From: Woody Suwalski
Date: Wed Aug 28 2019 - 11:18:13 EST


I have tried to "bisect" the config changes, and builds working/not
working between
rc3-rc4-rc5, and come out with the same frustrating result, that
building a "clean" kernel is not producing the same behavoir as
incremental building while bisecting. For some reason even after
getting to the same config step-by-step is not making the kernel work,
similar with actual bisecting.
So for now I simply use my patch to do the timeout.
Thinking of it - should I submit a patch like that to you for
consideration? It may be usefull for other users with the suspend
problems...

Thanks, Woody

On Wed, Aug 21, 2019 at 4:15 PM Thomas Gleixner <tglx@xxxxxxxxxxxxx> wrote:
>
> On Tue, 20 Aug 2019, Woody Suwalski wrote:
> > On Thu, Aug 15, 2019 at 2:37 AM Thomas Gleixner <tglx@xxxxxxxxxxxxx> wrote:
> > > On Tue, 13 Aug 2019, Woody Suwalski wrote:
> > > > On Mon, Aug 12, 2019 at 1:24 PM Thomas Gleixner <tglx@xxxxxxxxxxxxx> wrote:
> > > > > The ACPI handler is not the culprit. This is either an emulation bug or
> > > > > something really strange. Can you please use a WARN_ON() if the loop is
> > > > > exited via the timeout so we can see in which context this happens?
> > > > >
> > > >
> > > > B. On 5.3-rc4 problem is gone. I guess it is overall good sign.
> > >
> > > Now the interesting question is what changed between 5.3-rc3 and
> > > 5.3-rc4. Could you please try to bisect that?
> > >
> >
> > Apparently I can not, and frustrated'ingly do not understand it.
> > Tried twice, and every time I get it broken to the end of bisection -
> > so the fixed-in-5.3-rc4 theory falls apart. Yet if I build cleanly
> > 5.3-rc4 or -rc5, it works OK.
> > Then on a 32 bit system - I first tried with a scaled-down kernel
> > (just with the drivers needed in the VM). That one is never working,
> > even in rc5. Yet the "full" kernel works OK. So now there is a config
> > issue variation on top of other problem?
>
> Looks like and it would be good to know which knob it is.
>
> Can you send me the two configs please?
>
> > > dpm_suspend_noirq() is called with all CPUs online and interrupts
> > > enabled.
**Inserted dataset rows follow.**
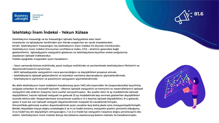Aparılmış tətqiqat nəticəsində ölkə üzrə inam indeksinin cari göstəricisi 81.6 müəyyən edilmişdir ki, bu da qayadalara əsasən aşağı göstərici hesab olunur. Təhlillər göstərir ki, ölkə üzrə inam indeksi keçən ilin eyni dövri ilə müqayisədə 5.6 bal azalmışdır.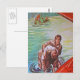 Una vintage carta de juego que representa un avión de época estrellado con dos pilotos rescatados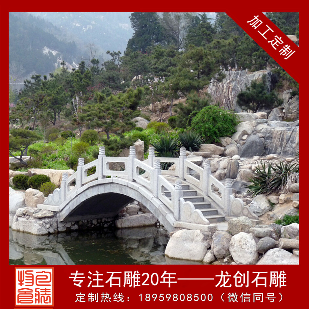 石拱橋欄桿一般安裝在寺院、風景區、別墅、小區等場所。而惠安龍創石雕工藝有限公司雕琢設計的石拱橋欄桿能更大化更全面的給人們帶來吉利。在石拱橋欄桿上我們常見的吉利圖畫有滿意云紋,標志著吉利滿意;卍字紋、擬日紋,標志著萬德吉利;蝙蝠紋、荷花紋、祥云紋、蔓草紋等吉利圖案。

In that case an interrupt pending in IRR does not make any sense
> > > at all. Confused.
> > >
> > For now I use a timeout counter patch - and it is showing 100% irq9
> > jammed and needing rescue. And I am even more confused...
>
> You're not alone, if that gives you a bit of comfort :)
>
> Thanks,
>
> tglx